Between the rest of the meetings all day Saturday about boring money (which she and Andrew just didn’t have) and even more boring property (which they no longer owned), it was just coming up to five in the afternoon before Lucy even managed to get a breather.

She slipped up to the privacy of her room and made two quick calls. The first was to room service, to order something to perk her up a bit and the second was down to Chloe’s office. A woman called Chris with an efficient voice told her Chloe was busy in the dining room at the moment, but that she’d be sure to pass on the message.

‘I know she’s up to her tonsils, but could you tell her I just wanted a quick word with her?’ Lucy asked.

And exactly ten minutes later, with a discreet knock at her door, there was Chloe herself, laden down with the tray from room service that Lucy had ordered.

‘Wow, now that’s what I call above and beyond the call of duty!’ Lucy beamed, genuinely delighted to see her. ‘Thanks so much for coming.’

‘You’re more than welcome,’ Chloe said warmly, carefully placing the tray on an empty desk. ‘I heard you wanted to speak to me. Would you like me to pour some mint tea for you?’

‘Nah, I’ll take care of that. This, you’ll notice, is the new me. No more boozing and making a holy mortifying show of myself from now on. Herbal teas and fitness and well-being, that’s the brand new, reinvented Lucy Belton for you.’

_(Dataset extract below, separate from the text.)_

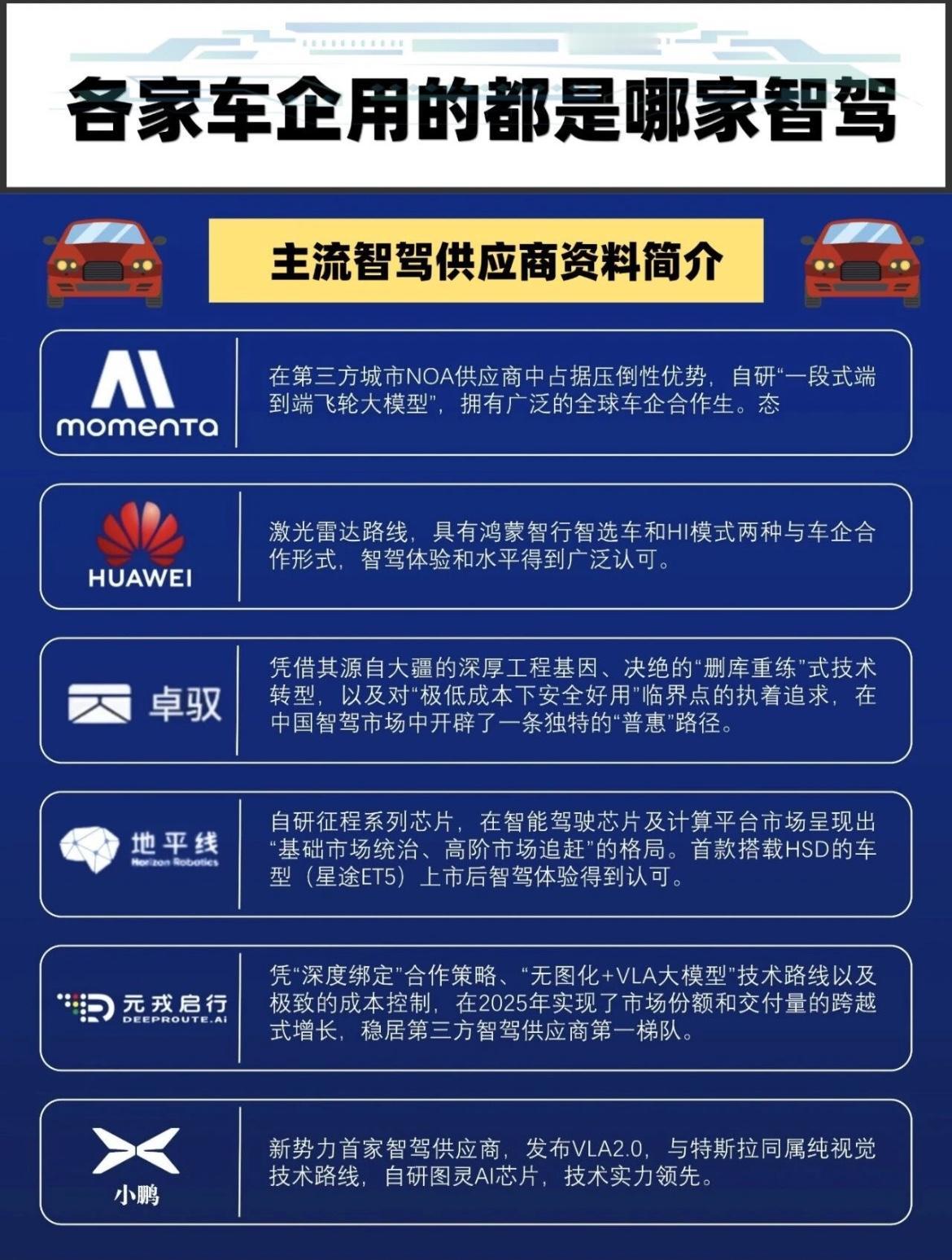 各家车企用的都是哪家智驾? 民间一直都有传言:智驾只有两种,华为和其他。 而真正的智驾供应商却真的也不多,流派上来说分为两大派:激光雷达和纯视觉技术方案。 从造车方来说都号称自研技术的智驾方案,可实际上大多数都顶多算一个智驾与硬件的集成商,真正的智驾都依赖第三方技术供应商,除了特斯拉、小鹏和特斯拉之外。

And she meant it too. She was fed up waking up with a pounding head, a rasping throat and a hangover to beat the band. Last night had been bloody mortifying and today had been hell because of it.

Enough was enough.

‘I’m well impressed,’ Chloe laughed, ‘and I only wish I had your self-restraint!’

Bless the woman, Lucy thought fondly to herself, pouring out the tea into a china cup. Only someone as sensitive and diplomatic as Chloe could possibly use the word ‘self-restraint’ in connection with her. Given the way she’d been carrying on lately, anyway.

‘Thing is …’ Lucy said, uncertain of where to bloody well start. ‘Well, first things first. I was dying to talk to you about … well, about what happened last night. God, I made such a complete fool out of myself. How someone didn’t end up smacking me, I’ll never know.’

Chloe said nothing though, just politely stood there, listening. It was one of the things Lucy really liked about her. Not just the girl’s discretion, but the fact that she was a listener. God knows, they were a very rare breed.

‘I can’t tell you how sorry I am,’ she went on. ‘On your very first night and everything – to start acting the maggot like that –’

‘Please, you really don’t have to –’

‘Trust me, it’s more of a penance if I do. But the truth is …’ Lucy sighed, easing herself wearily down onto the bed now, kicking her shoes off and stretching her long legs out. ‘That’s just not the kind of person I am. It’s like – ever since Andrew and I separated, I’ve reverted back to making the same dopey mistakes I did as a teenager and of course then I end up hating myself for it. Drinking like a fish and acting like a stupid, drunk idiot who should know better. I genuinely don’t know what’s come over me. I didn’t used to be like this not so long ago. Back when I was still –’

She broke off here though. Because the end of that sentence was, ‘when I was still with Andrew,’ and that was something she just couldn’t bring herself to articulate.